Can fleets of really autonomous vehicles mitigate 20th-century problems in cities, such as pollution, congestion and too much space allocated for cars rather than for people and essential services?
Driverless or self-driving cars have only been seen in sci-fi movies, but these ‘futuristic’ automonous vehicles (AV) may soon be a reality on our roads. AVs, capable of sensing their environment and moving with little or no human input, are now being tested on public roads in different parts of the world, and are expected to beavailable to the public in some capacity within the next decade.
As this happens, advocates surmise that AVs may engender several benefits for riders, the general public, and society at large.
They Can Decrease Traffic Congestion
Having fleets of AVs on our roads could help reduce traffic jams. This is brought about by better ‘communication’ between the cars as opposed to human drivers.
A 2018 project by Cambridge University’s department of Computer Science and Technology demonstrated that a fleet of driverless cars working together to keep traffic moving smoothly can improve overall traffic flow by at least 35%. The researchers programmed a small fleet of miniature robotic cars to drive on a multi-lane track and observed how traffic flow changed when one of the cars stopped. When the cars were not driving cooperatively, any cars behind the stopped car had to halt or slow down and wait for a gap in the traffic, as would happen on a real road. A queue quickly formed behind the stopped car and overall traffic flow was slowed.
However, things were different when the cars were communicating with each other and driving cooperatively. As soon as one car stopped in the inner lane, it sent a signal to all the other cars. Cars in the outer lane that were in immediate proximity of the stopped car slowed down slightly so that cars in the inner lane were able to quickly pass the stopped car without having to stop or slow down significantly.
Additionally, when a human-controlled driver was placed on the ‘road’ with the autonomous cars and moved around the track aggressively, the other cars gave way to avoid the driver, thus improving safety.

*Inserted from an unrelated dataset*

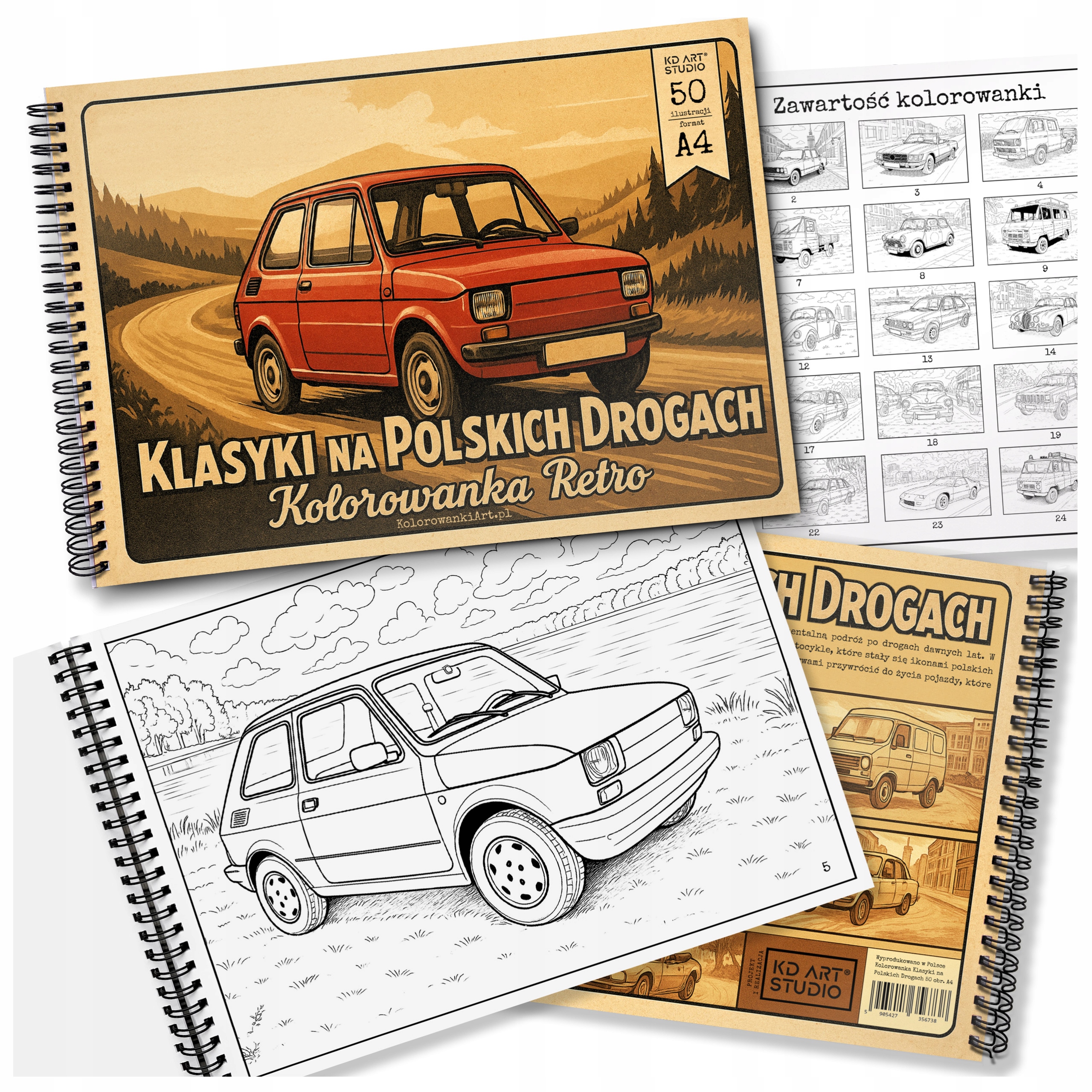 Каждая иллюстрация была подготовлена на высококачественной бумаге A4, а спиральный светильник облегчает комфортную окраску. «Классика на польских дорогах» - это идеальная раскраска для взрослых и всех поклонников польской ретро -автомобильной промышленности, которые ищут минуту расслабления и расслабления в искусстве.
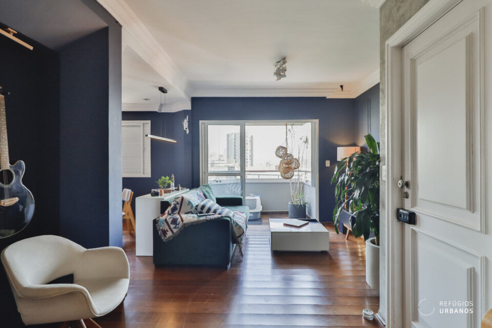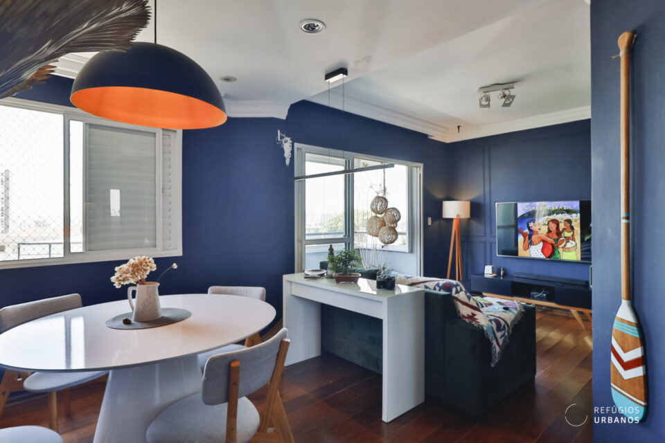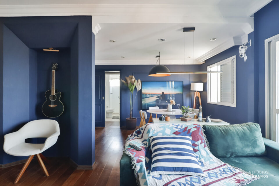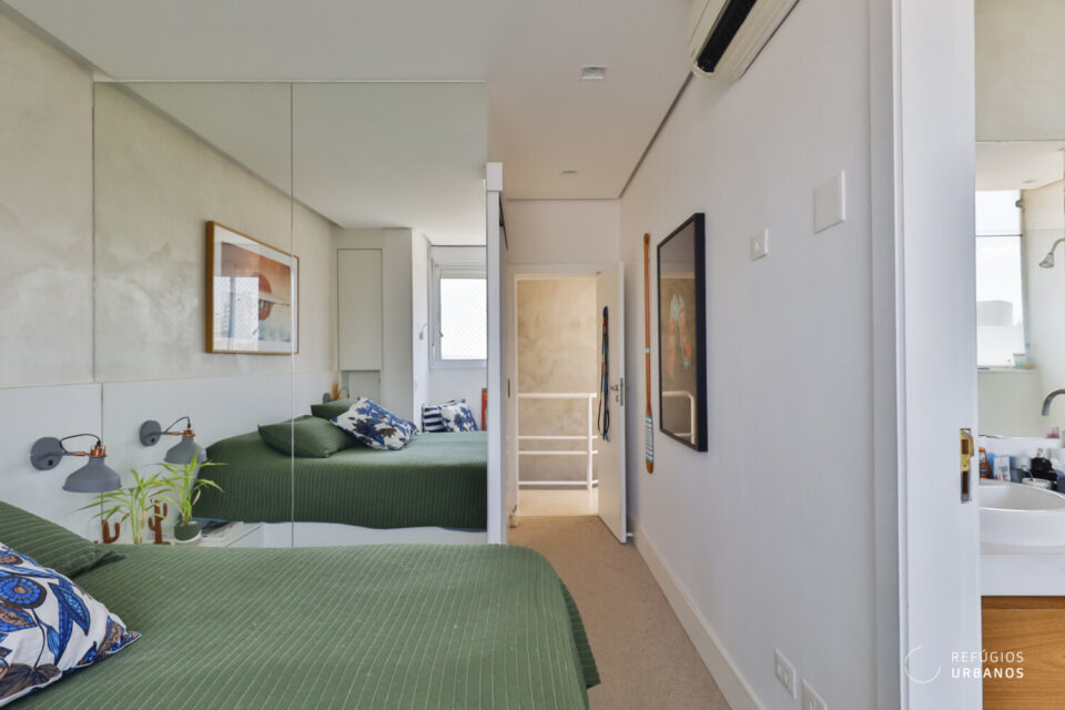 O coração do apê está no pavimento superior! Somos recebidos por uma sala de tv deliciosa e super confortável, 1 lavabo para essa área social, e uma deliciosa suíte, com closet e banheiro digno de Pinterest!

“Autonomous cars could fix a lot of different problems associated with driving in cities, but there needs to be a way for them to work together,” concluded the study’s co-author Michael He, an undergraduate at St John’s College who designed the algorithms for the experiment. For this to happen, manufacturers need to develop cars that can communicate with each other effectively, chipped in his co-author Nicholas Hyldmar, an undergraduate at Downing College, who designed much of the hardware.
Networking AVs to travel closer together at higher speeds than human-operated vehicles can safely do so would also help increase the pace of traffic and de-escalate traffic jams.
They Can Free Up Parking Space
Given that fleet-owned AVs would remain in operation most of the day, dropping off passengers and moving on, they would require far fewer parking spaces than
individually owned vehicles. This means land allocated for car parks can be freed up for other uses, such as for parks or housing.
Furthermore, as mentioned earlier, technology will allow AVs to travel closer together, so they will take up less lane space. Urban planners propose that cities could use the extra space for bike lanes and wider sidewalks, making walking and biking safer, thus encouraging the adoption of healthier lifestyles.
They Can Reduce Pollution
When it comes to lowering carbon emissions, car manufacturers have a part to play. Constructing electric models that are connected to a green power grid rather than turning conventional models into AVs would help reduce carbon emissions, suggest experts. Indeed, many AVs are being designed to be entirely electric, which bodes well for cutting emissions and air pollution.
Fewer vehicles on the road would also lower vehicle emissions, assuming AVs drive fewer miles in aggregate than the human-operated vehicles they replace.
Clearly, there is potential for AVs to mitigate a number of big-city problems, such as traffic congestion, air pollution and congested land space. But the extent to which that happens will depend on how they are constructed and programmed as well as on how people choose to utilise them.